Barnes Thomas R E, Leeson Verity, Paton Carol, Marston Louise, Osborn David P, Kumar Raj, Keown Patrick, Zafar Rameez, Iqbal Khalid, Singh Vineet, Fridrich Pavel, Fitzgerald Zachary, Bagalkote Hemant, Haddad Peter M, Husni Mariwan, Amos Tim
Centre for Psychiatry, Hammersmith Hospital Campus, Imperial College London, 7th Floor Commonwealth Building, Du Cane Road, London W12 0NN, UK.
Centre for Psychiatry, Imperial College London, UK.
Ther Adv Psychopharmacol. 2018 Jul;8(7):185-197. doi: 10.1177/2045125318762365. Epub 2018 Mar 8.
A second antipsychotic is commonly added to clozapine to treat refractory schizophrenia, notwithstanding the limited evidence to support such practice.
The efficacy and adverse effects of this pharmacological strategy were examined in a double-blind, placebo-controlled, 12-week randomized trial of clozapine augmentation with amisulpride, involving 68 adults with treatment-resistant schizophrenia and persistent symptoms despite a predefined trial of clozapine.
There were no statistically significant differences between the amisulpride and placebo groups on the primary outcome measure (clinical response defined as a 20% reduction in total Positive and Negative Syndrome Scale score) or other mental state measures. However, the trial under recruited and was therefore underpowered to detect differences in the primary outcome, meaning that acceptance of the null hypothesis carries an increased risk of type II error. The findings suggested that amisulpride-treated participants were more likely to fulfil the clinical response criterion, odds ratio 1.17 (95% confidence interval 0.40-3.42) and have a greater reduction in negative symptoms, but these numerical differences were not statistically significant and only evident at 12 weeks. A significantly higher proportion of participants in the amisulpride group had at least one adverse event compared with the control group ( = 0.014), and these were more likely to be cardiac symptoms.

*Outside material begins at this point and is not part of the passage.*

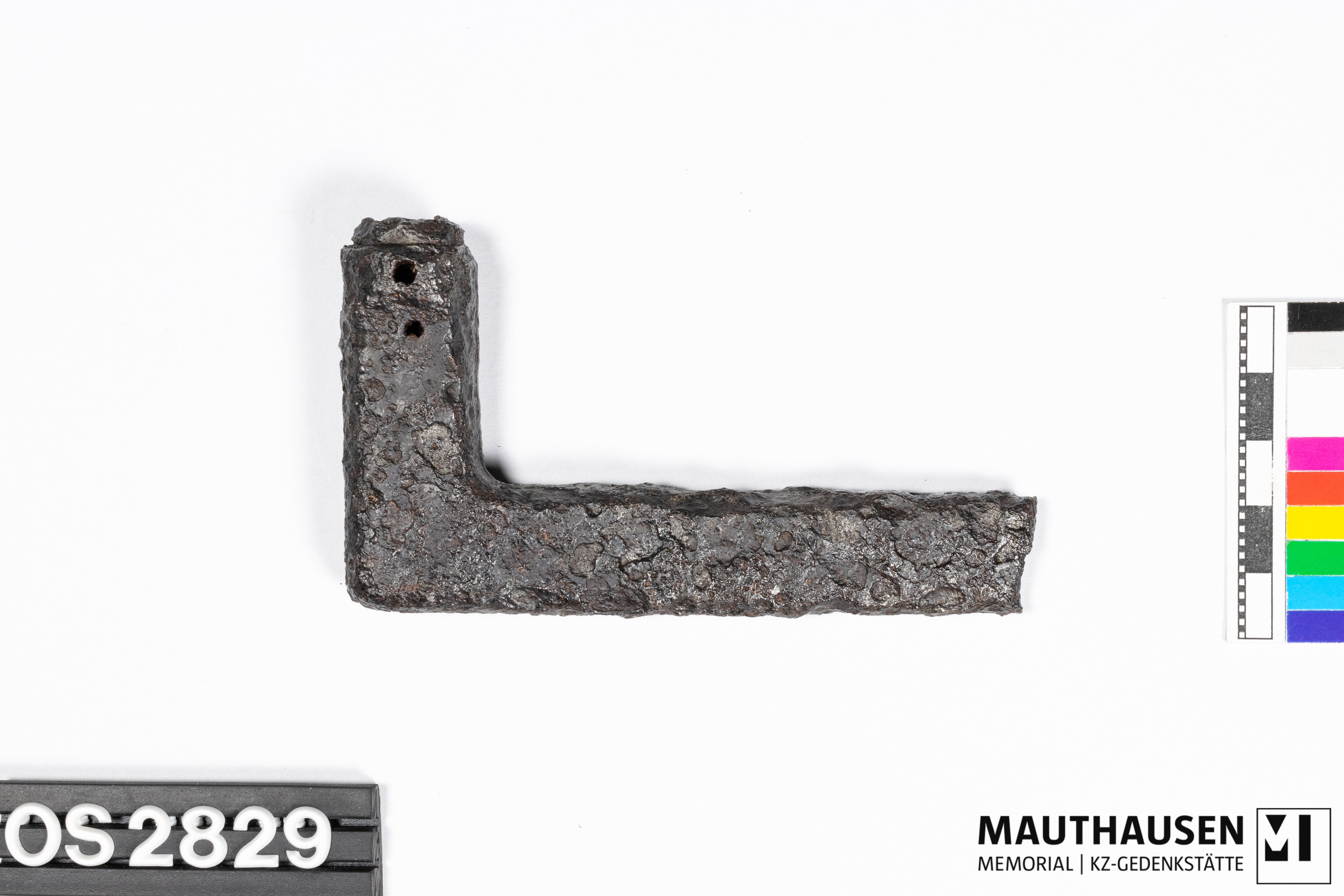 DescriptionGriff/Türgriff; länglicher Klinkengriff, verdickt sich gegen Ende; im rechten Winkel abgehend breiter werdendes Element mit 2 Bohrlöchern pro Seite, 53mm lang, runder Abschluss, ca. 15mm Durchmesser; quadratischer Auslass für Drückerstift

Treatment for more than 6 weeks may be required for an adequate trial of clozapine augmentation with amisulpride. The greater side-effect burden associated with this treatment strategy highlights the need for safety and tolerability monitoring, including vigilance for indicators of cardiac abnormalities, when it is used in either a clinical or research setting.
尽管支持这种做法的证据有限,但通常会在氯氮平基础上加用第二种抗精神病药物来治疗难治性精神分裂症。
在一项双盲、安慰剂对照、为期12周的随机试验中,研究了这种药物治疗策略的疗效和不良反应,该试验为氯氮平联合氨磺必利增效治疗,纳入68例对治疗有抵抗且在经过预定义的氯氮平试验后仍有持续症状的成年精神分裂症患者。
在主要结局指标(临床反应定义为阳性和阴性症状量表总分降低20%)或其他精神状态指标方面,氨磺必利组和安慰剂组之间无统计学显著差异。然而,该试验招募不足,因此检测主要结局差异的效能不足,这意味着接受零假设会增加II型错误的风险。研究结果表明,接受氨磺必利治疗的参与者更有可能达到临床反应标准,比值比为1.17(95%置信区间0.40 - 3.42),且阴性症状有更大程度的减轻,但这些数值差异无统计学显著性,且仅在12周时明显。与对照组相比,氨磺必利组中至少发生一次不良事件的参与者比例显著更高(P = 0.014),且这些不良事件更可能是心脏症状。
氯氮平联合氨磺必利增效治疗可能需要超过6周的时间进行充分试验。这种治疗策略带来的更大副作用负担凸显了在临床或研究环境中使用时进行安全性和耐受性监测的必要性,包括警惕心脏异常指标。